For most black folk, however, not liking reform equates to not liking institutional racism, which impacts our communities no matter how many black and brown people an organization hires. When black people say they don’t like education reform, they mean the trade-offs of institutionalized oppression are patently unacceptable.
Some may call it an untruth that black people and charter critics resist positive change; I call it a lie. Black folk have never been in a position to accept the status quo, and most black people applaud black people in our communities who teach, open charter schools or lead district-run schools. In addition, black educators have always excelled in spite of systems. We are never surprised and are always encouraged by black educators who make systems work—including those in charters. Therefore, any idea that not liking reform is somehow a refutation of black educators in charter schools is a terrible interpretation in the face of history.

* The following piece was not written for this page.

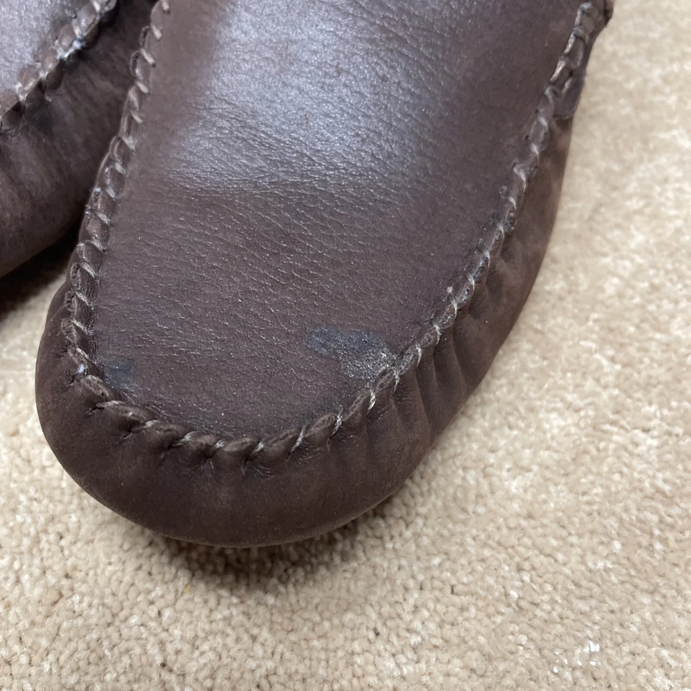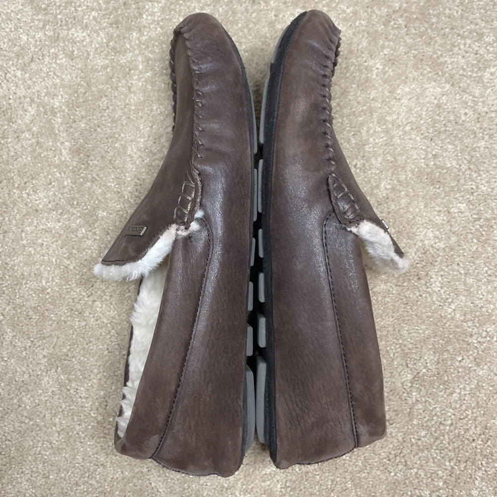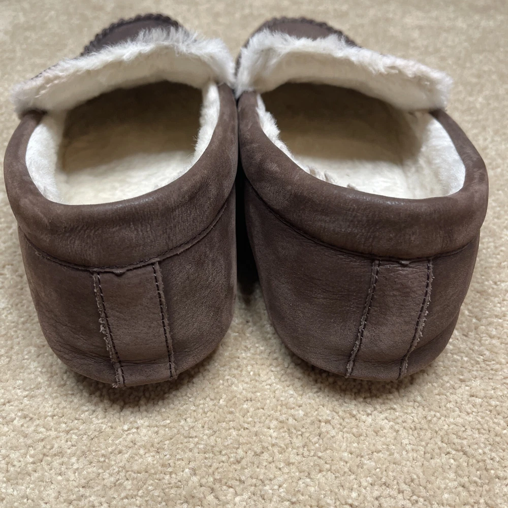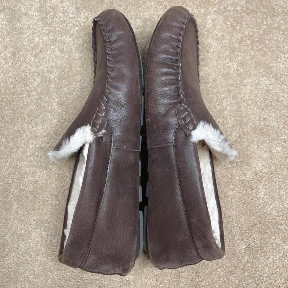 UGG Mens Slippers Driving Shoes Brown Leather Sheepskin Sz 9 Pre-owned

When black people say, “I don’t like education reform,” they don’t mean individual black charter leaders are bad. They aren’t saying change isn’t needed. For many people, not liking education reform is really not liking the perfunctory rolling out of black educators who speak on behalf of white organizations. Instead of intentionally dismantling systemic and institutional oppression, black faces are placed at the helm of a crooked ship to convince us it’s smooth sailing.
The weight must be distributed effectively and equitably. White charter proponents must carry the burden of disenfranchised voters, fired teachers, supplanted black businesses and expelled students. Black educators cannot best serve their communities by doubling as shields for white organizations and institutionalized racism.
Hillary Clinton’s silence on K-12 education seemingly corresponds with a new chorus of criticisms. News21 recently put out a report on how school takeovers disproportionately affect poor, black communities. The NAACP called for a moratorium on charter schools, and the Black Lives Matter Collective issued its own rebuke. All of which echoes concerns within black communities, and rightfully so.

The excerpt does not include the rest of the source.